Further into the atrophic zone, where the FAF signal is lower than in the IJZ, RPE is absent. A few cone photoreceptors remain in degenerate ORT, that is, lacking inner and outer segments with some cell bodies still present.³⁵ A large ORT (spanning 840 µm) is present under the previously spared fovea. A thin BLamD persists and undulates above BrM, in one of two configurations: over the top of drusen as they calcify into end-stage lesions (see Fig. 6, “tombstones”) or elevated by masses of Müller glial processes (see Fig. 8C). Horizontally oriented processes of Müller glia in subretinal membranes are evident (see Fig. 8C, yellow arrowhead). The neurosensory retina is denuded of photoreceptors, bounded by the ELMd, and is firmly adhered to structures below, either BLamD or BrM. Retinal adhesion to RPE is variable elsewhere (se Fig. 3E).

Discussion

As a metabolic imaging technique, FAF is advantageous for detecting, quantifying, and monitoring outer retinal atrophy, especially when anchored by eye tracked OCT.³⁷ Expansion of atrophy in FAF is the anatomic end point for trials of recently approved complement inhibitors.⁴^,⁵ Existing regions of GA enlarge via interactions that are mediated by cells at the margins of atrophy. Thus, understanding the OJZ is important for validating GA enlargement as an end point and for maximizing the mechanistic insight available from clinical trial imaging datasets. Herein, we elucidate cellular contributors to FAF signal at the initiation, continuation, and denouement of atrophy, respectively, atop drusen and in the OJZ and IJZ. This progression sequence can be glimpsed in previous morphologic and molecular analyses of GA (Table 2).

Table 2.

View Table

Morphologic and Molecular Correlates of Fundus Autofluorescence Zones

This case of bilateral multifocal GA shared features with many published descriptions. The pattern of atrophy was multifocal, which is seen in 55% of GA eyes.³⁸ Multifocal atrophy starts atop individual drusen and grows faster than unifocal lesions, in proportion to the total perimeter.³¹ Our measured yearly equivalent radius growth rate of 0.198 mm linear is within the error bounds (0.199 ± 0.012 mm) for multifocal GA in a large meta-analysis.³¹ Atrophy growth in our case was both appositional, that is, in continuity with previous atrophy, and appearing de novo, at a degree of separation.³⁸ Foveal sparing,³⁹^–⁴¹ seen in approximately two-thirds of GA-affected eyes,⁴²^,⁴³ was apparent as drusen-driven atrophy expanded more toward the near periphery (>3 mm eccentricity) than toward the fovea. At the OJZ, banded/ diffuse hyperFAF like our case is one of several FAF patterns associated with faster growth.⁹^,⁴⁴ Our case had venous congestion contributing to a thick choroid, unusual because atrophy is typically associated with a thin choroid. However, a thick choroid with atrophy is common in Asian populations⁴⁵^,⁴⁶ and can also occur in persons of European descent.³²^,⁴⁷ We hypothesize that enlarged inner choroid vessels compress the ChC from below. We did not formally analyze ChC for this report but rarefaction was clear by histology (see Figs. 6–8). The history of cardiovascular disease including valve dysfunction, together with the presence of subretinal drusenoid deposits evokes current clinical interest in this association and vascular origins of AMD.⁴⁸^,⁴⁹ Our planned histologic studies will be pertinent to this discussion.

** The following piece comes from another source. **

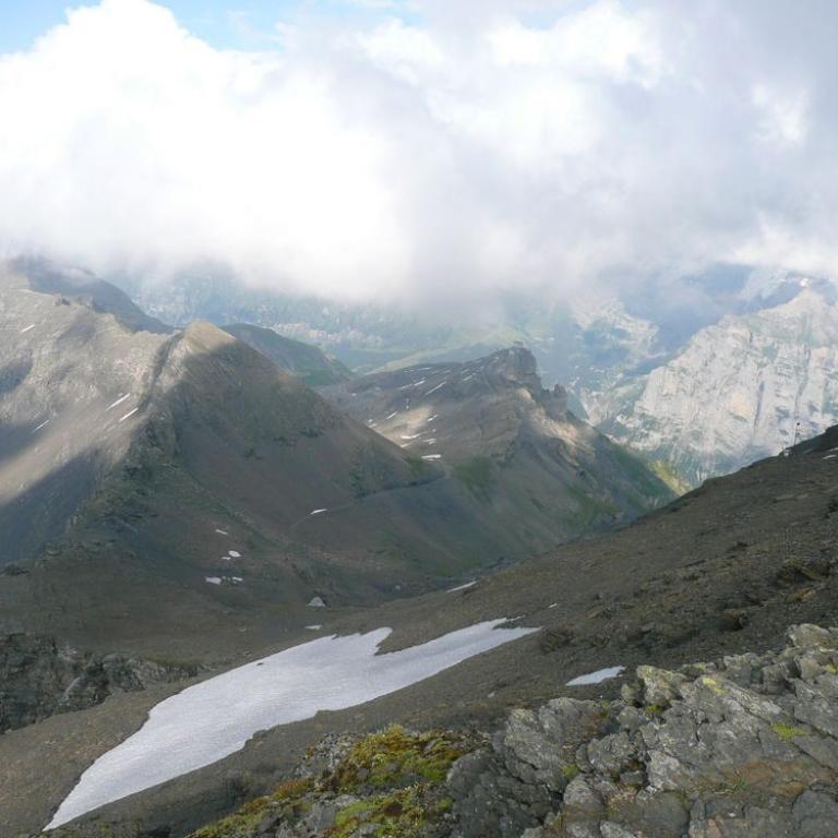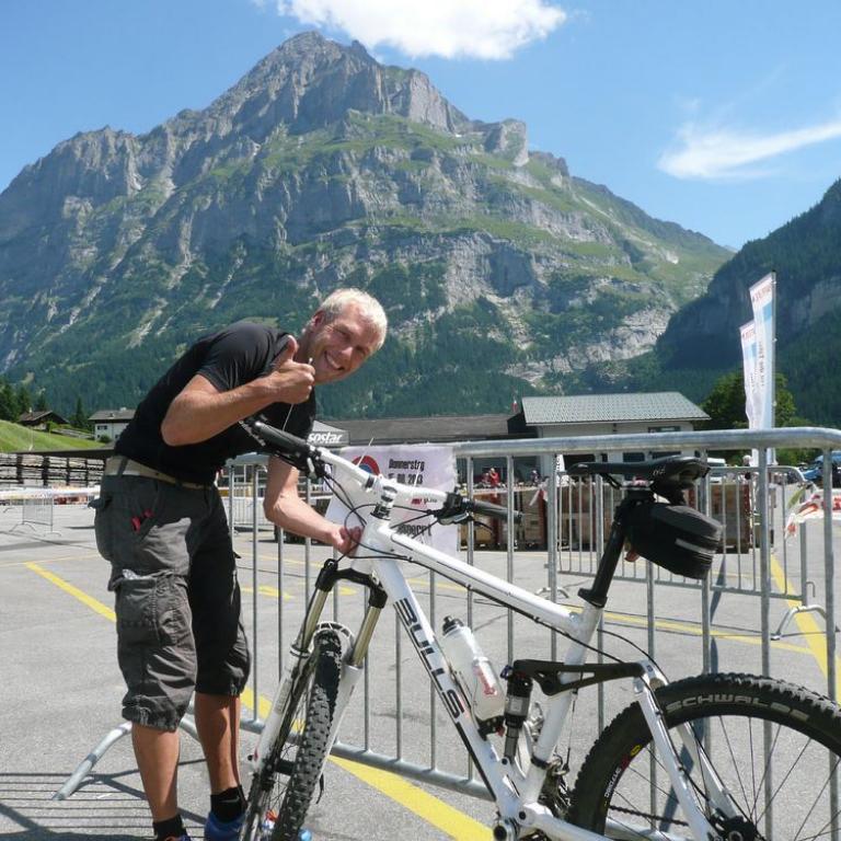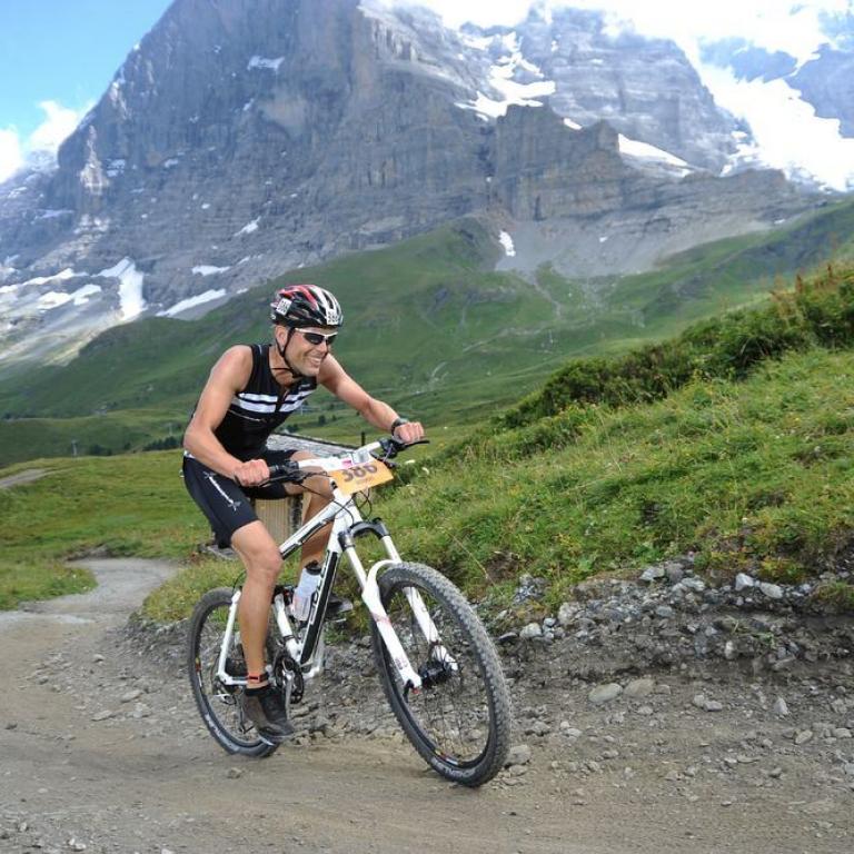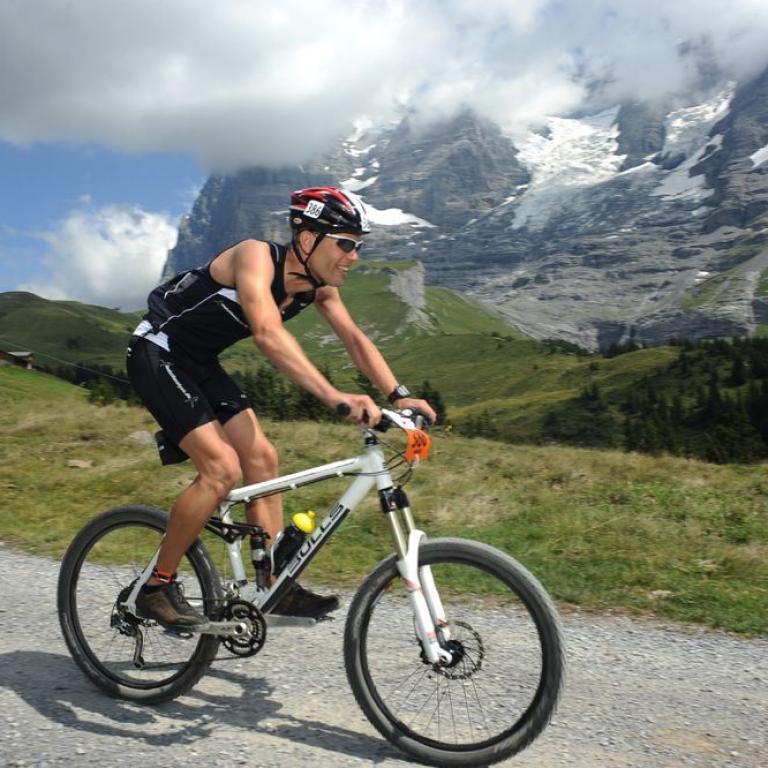 Zuerst musste ich ein paar hundert Meter auf einem Trail fahren, bevor es sofort steil nach oben ging. Meine Füße waren Matsch. Ich hatte nur noch den Gedanken ans aufhören. Ich strampelte trotzdem weiter nach oben. Die Bergkulisse ist gigantisch, aber zu dem Zeitpunkt konnte ich nichts damit anfangen. Auch auf dem Mountainbike wurde ich immer wieder überholt und in der Platzierung durchgereicht. Das Ziel kleine Scheidegg auf 2100 Metern war unendlich weit weg. Zuerst fuhren wir noch auf Teerstraße und dann Schotter, was mir noch schwerer fiel. Nach gefühlten 100 Stunden biken nach oben fuhr ich wieder auf Fritz auf. Auch er hatte große Probleme und wir beschlossen nicht mehr auf die Laufstrecke zu gehen. Wir waren beide einfach zu kaputt, aber erstmal mussten wir auf die kleine Scheidegg gelangen. Dann sahen wir die Passhöhe. Die letzten 200 Höhenmeter schoben fast alle, da es einfach zu steil war. Oben trank ich erstmal und aß etwas in der Verpflegungsstation. Von nun ging es zuerst einen Forstweg nach unten. Alleine das Bremsen war anstrengend. Nach 1000 Höhenmetern bergab ging es einen schmalen Trail in den Wald, noch steiler nach unten. Ich kam ins rutschen, bremste mit der Vorderradbremse und schon machte ich einen Salto vorwärts. Scheiße dachte ich, jetzt ist Schluß, ich mag nicht mehr. Trotzdem stieg ich, nur mit ein paar Kratzern, wieder aufs Bike und fuhr bis ins Tal. Wir mussten dann noch 5 Kilometer auf der Straße bis nach Stechelberg zur letzten Wechselzone. Ich benötigte bei diesem Part für 30 km 1200 Höhenmeter 2 Stunden 59 Minuten. Hier kam kurz hinter mir auch Fritz an. Na gut auf die Laufstrecke gehen wir noch, aber in Mürren wollte ich aussteigen...
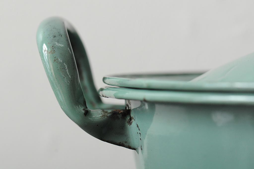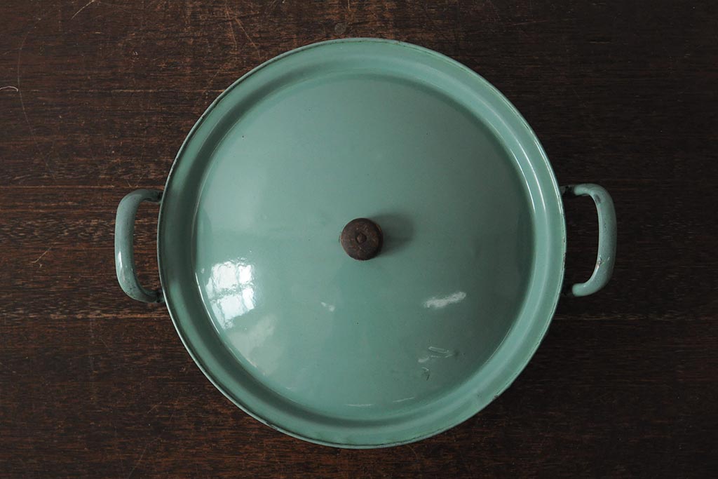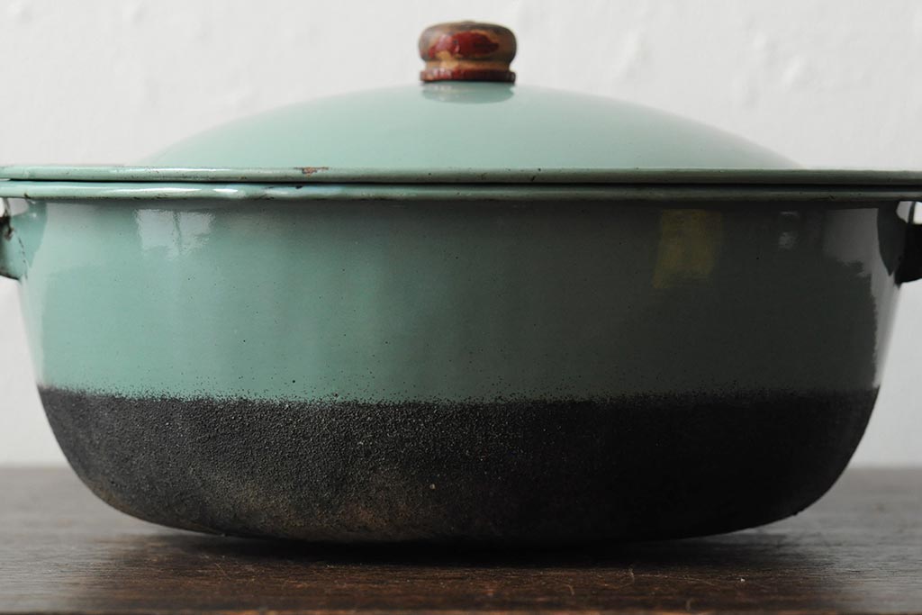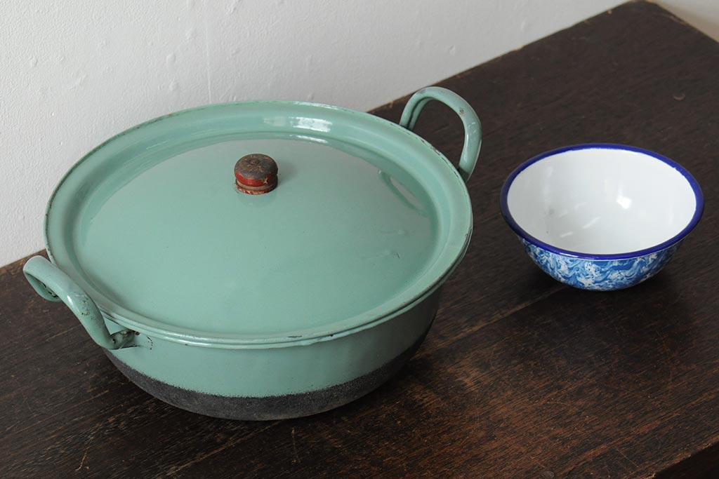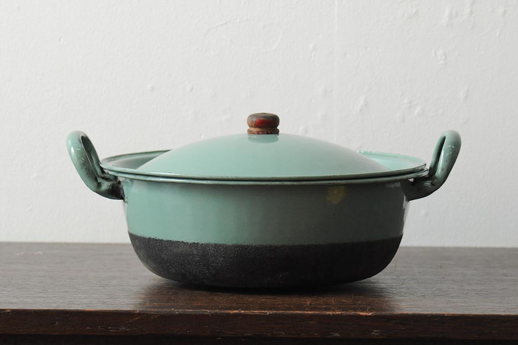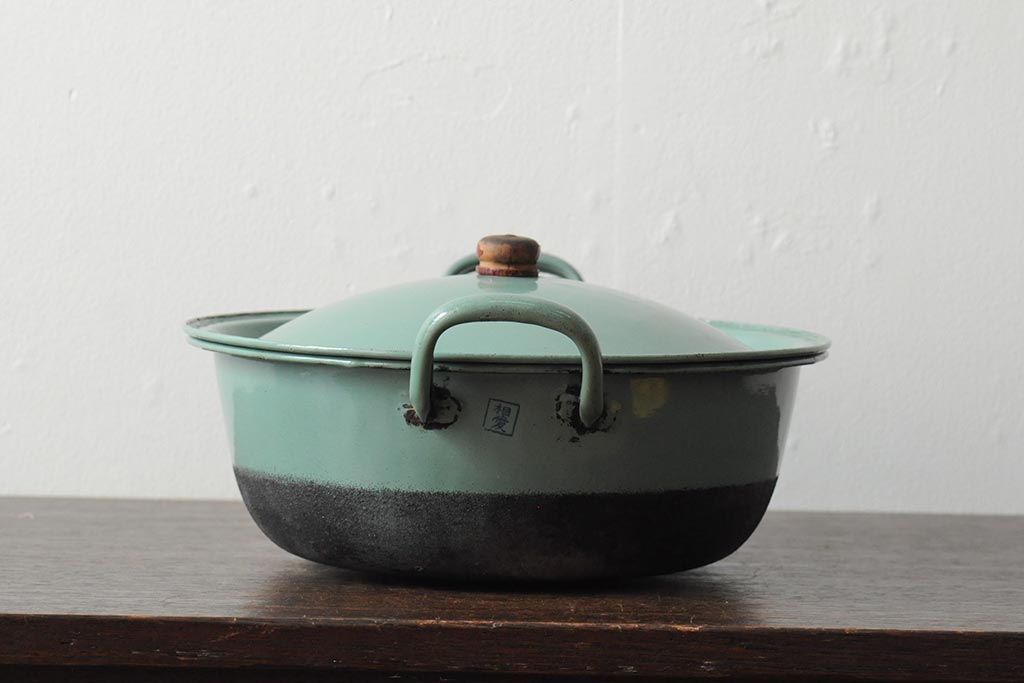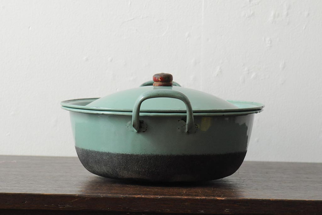 ラフジュ工房> 洋食器・キッチン用品 > アンティーク雑貨 昭和期 レトロなホーロー両手鍋・ボウル(琺瑯、蓋付きなべ、ディスプレイ)(R-043621)

Our study confirms that hypoFAF atrophy not only lacks RPE-derived FAF signal but also represents advanced disease. Atrophy as classically⁵⁰^,⁵¹ and recently described (see Table 2) harbors severe photoreceptor depletion, glia-driven remodeling at ORT, tombstone deposits (calcified drusen and persistent BLamD), and retinal adhesion to underlying tissue.³³^,³⁵ BLamD is collagenous but this potential FAF signal source was not apparent in this eye and imaging system. Nevertheless, weak fluorophores in BLamD and possibly in reactive Müller glia continue to generate detectable fluorescence lifetimes that are uncovered in the absence of RPE.⁵² Although some photoreceptors with outer segments are present in ORT, they are unlikely to contribute to FAF signals,⁵³ and they cannot sustain useful vision long-term.⁵⁴ In contrast to BLamD's persistence, all native soft drusen material disappeared or was replaced by calcific nodules. A “fuzzy border” of GA on OCT⁵⁵ is sharp by histology, and it is the ELMd, a bending of the ELM toward BrM in the absence of photoreceptors.¹⁶ This critical landmark is visible on high-quality OCT (quality ≥24 dB in Spectralis) and not on color or FAF.⁵⁶

Atop calcified drusen, both the ELM and a layer of dysmorphic RPE were continuous, whereas photoreceptors were short or absent (see Table 1). Gradual loss of photoreceptors accompanied by a circle of ELM sliding down each druse (see Figs. 2, 6) could be visualized as incremental stages of homogenous then annular hyperFAF, before final hypoFAF (see Fig. 4). These drusen are at a later stage of disease than those with hyperpigmentation recently investigated with fluorescence lifetime imaging ophthalmoscopy.⁵⁷ Our multilayer approach to interpreting FAF signal comes from a previous histologic analysis of the outer retinal neurovascular unit (outer plexiform layer to ChC).¹⁷ This analysis revealed gradual deterioration of BrM and ChC, crossing from the non-atrophic to the atrophic area, across the ELMd. Over decades, this deterioration culminates in high-risk drusen material accumulating in the sub-RPE-BL space, with the overlying photoreceptors driven to hypoxia and metabolic insufficiency. This slow process in BrM-ChC contrasted with a relatively precipitous transition (months to years) involving Müller glia, as encapsulated by the ELMd. We reasoned that responding glia reach some threshold of stress at the neurosensory retina, plausibly the focal degeneration of photoreceptors. Bound by the ELMd, the RPE layer can no longer seal a gap. Once the ELM descends to the base of drusen (see Fig. 6A), mechanisms that propel expansion into non-drusen-bearing regions are less clear but certainly involve continued reactivity of Müller glia. Thus normal glial homeostatic functions are likely lost or drastically reduced.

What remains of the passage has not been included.